I'm trying to understand the exact consequences of changing /proc/sys/kernel/perf_event_mlock_kb.
The man page for perf says
Maximum number of pages an unprivileged user can mlock(2). The default is 516 (kB).
The kernel documentation says
Control size of per-cpu ring buffer not counted agains mlock limit. The default value is 512 + 1 page
What confuses me is that both sources use two different units - the number of pages and Kb of memory. At the same time, the postfix _kb of the name implies that the file defines the number of Kb.
Is my understanding correct that the wording implies that the number should be devisable by the page size and if I set the file to 8046 on a machine with two vCPUs then perf will be able to take up to 16Mb of memory for the event buffers?
I think the kernel docs are missing a unit.
It should be 512 kiB + 1 page = 516 kiB, matching the filename and the perf man page.
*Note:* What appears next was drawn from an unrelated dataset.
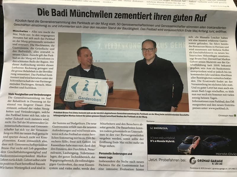 Nach der Begrüssung von Nadja Stricker, Gemeindepräsidentin Münchwilen und Beat Schwarz, Gemeindepräsident Sirnach und der rund 30 anwesenden Interessierten, machte Bruno Frei, Genossenschaftspräsident, einen kurzen geschichtlichen Rückblick und erklärte, wie es überhaupt zur Genossenschaft Parkbad an der Murg und schliesslich zur heutigen 65 Jahre alten Badi kam.

The actual filename wouldn't still be named _kb if it had different units.
cat /proc/sys/kernel/perf_event_mlock_kb on my system shows 516, so that pretty much confirms that it's in kiB.
number should be devisable by the page size
Yes, the number should be divisible by 4 to make the size divisible by the 4k page size, on x86.
If not, the kernel presumably rounds up or down, IDK which.